## Input records
# # # # # # #
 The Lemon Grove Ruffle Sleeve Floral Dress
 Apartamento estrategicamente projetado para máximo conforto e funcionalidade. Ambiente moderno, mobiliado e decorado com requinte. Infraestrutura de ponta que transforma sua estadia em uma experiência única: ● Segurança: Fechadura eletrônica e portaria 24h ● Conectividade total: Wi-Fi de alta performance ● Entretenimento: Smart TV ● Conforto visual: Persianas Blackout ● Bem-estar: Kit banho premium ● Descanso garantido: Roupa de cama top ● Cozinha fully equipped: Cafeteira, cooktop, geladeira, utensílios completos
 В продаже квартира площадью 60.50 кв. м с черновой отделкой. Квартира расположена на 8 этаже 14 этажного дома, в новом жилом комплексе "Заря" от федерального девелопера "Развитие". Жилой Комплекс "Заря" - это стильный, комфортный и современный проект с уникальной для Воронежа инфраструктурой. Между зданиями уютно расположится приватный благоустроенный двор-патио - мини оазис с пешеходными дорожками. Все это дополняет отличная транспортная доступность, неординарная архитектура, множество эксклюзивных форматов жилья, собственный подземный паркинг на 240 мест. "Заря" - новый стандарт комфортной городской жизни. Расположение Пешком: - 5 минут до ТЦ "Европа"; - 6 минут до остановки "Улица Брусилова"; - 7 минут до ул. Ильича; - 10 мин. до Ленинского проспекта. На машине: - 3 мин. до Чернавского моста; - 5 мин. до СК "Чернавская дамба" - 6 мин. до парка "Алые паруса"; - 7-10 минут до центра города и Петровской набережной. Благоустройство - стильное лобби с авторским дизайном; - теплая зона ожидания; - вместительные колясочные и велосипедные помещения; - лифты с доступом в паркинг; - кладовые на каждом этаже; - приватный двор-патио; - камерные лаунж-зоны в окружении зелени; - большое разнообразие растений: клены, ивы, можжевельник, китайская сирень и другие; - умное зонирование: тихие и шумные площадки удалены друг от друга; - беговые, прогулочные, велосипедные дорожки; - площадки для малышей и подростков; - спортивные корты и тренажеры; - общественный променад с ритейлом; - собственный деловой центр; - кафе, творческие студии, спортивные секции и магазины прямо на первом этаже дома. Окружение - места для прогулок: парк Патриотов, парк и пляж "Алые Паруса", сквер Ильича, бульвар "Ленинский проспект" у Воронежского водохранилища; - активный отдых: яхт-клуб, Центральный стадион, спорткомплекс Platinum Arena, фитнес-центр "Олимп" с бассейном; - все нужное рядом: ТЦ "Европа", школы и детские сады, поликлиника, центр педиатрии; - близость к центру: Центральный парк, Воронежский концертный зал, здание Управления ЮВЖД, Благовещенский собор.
# # # # # # #
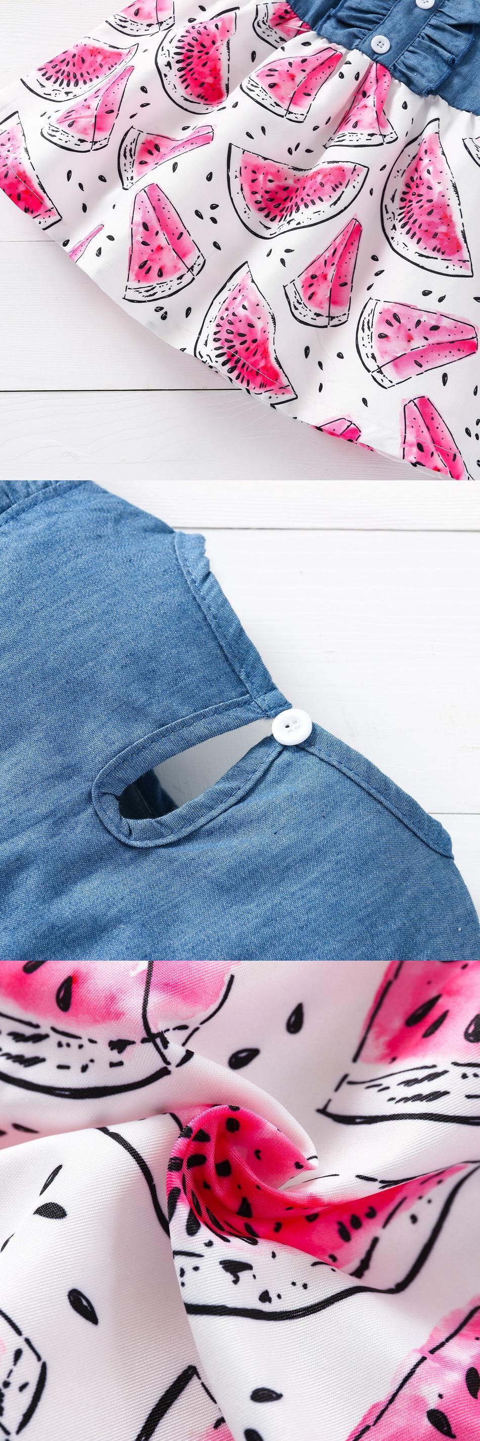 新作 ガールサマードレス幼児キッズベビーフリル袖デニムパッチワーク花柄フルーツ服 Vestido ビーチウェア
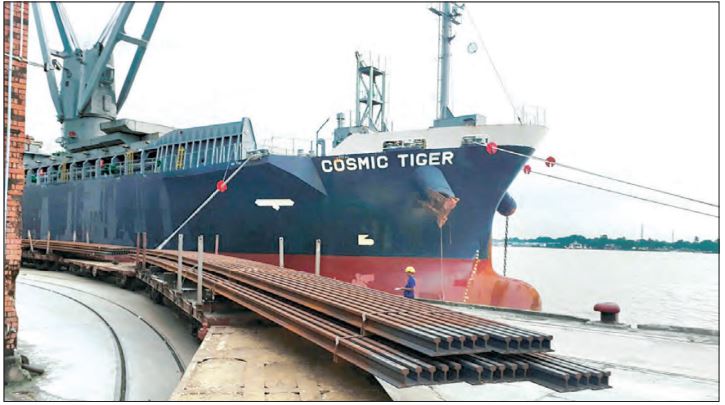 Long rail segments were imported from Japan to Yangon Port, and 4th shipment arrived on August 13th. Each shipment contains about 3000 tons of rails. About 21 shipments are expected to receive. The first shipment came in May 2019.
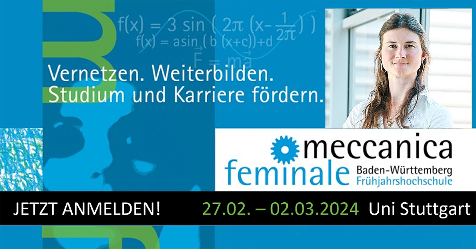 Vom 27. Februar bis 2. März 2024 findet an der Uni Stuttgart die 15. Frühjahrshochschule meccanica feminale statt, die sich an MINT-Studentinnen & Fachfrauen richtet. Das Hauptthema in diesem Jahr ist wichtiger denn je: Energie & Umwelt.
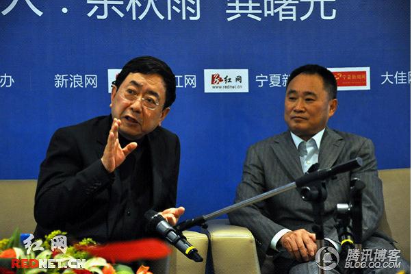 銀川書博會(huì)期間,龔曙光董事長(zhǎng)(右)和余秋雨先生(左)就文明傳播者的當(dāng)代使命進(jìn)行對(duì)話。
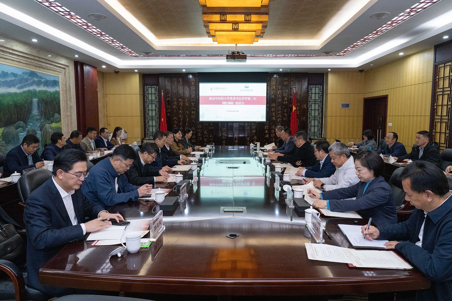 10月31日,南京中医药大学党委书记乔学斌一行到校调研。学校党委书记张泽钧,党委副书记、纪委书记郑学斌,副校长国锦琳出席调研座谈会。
# # # # # # #
## How to complete this task
Within the listing above, find the line containing "Vom 27. Februar" and the line containing "銀川書博會(huì)期間,龔". Transcribe them and everything between them exactly, leaving out the pictures.

## Solution for this exercise
 Vom 27. Februar bis 2. März 2024 findet an der Uni Stuttgart die 15. Frühjahrshochschule meccanica feminale statt, die sich an MINT-Studentinnen & Fachfrauen richtet. Das Hauptthema in diesem Jahr ist wichtiger denn je: Energie & Umwelt.
 銀川書博會(huì)期間,龔曙光董事長(zhǎng)(右)和余秋雨先生(左)就文明傳播者的當(dāng)代使命進(jìn)行對(duì)話。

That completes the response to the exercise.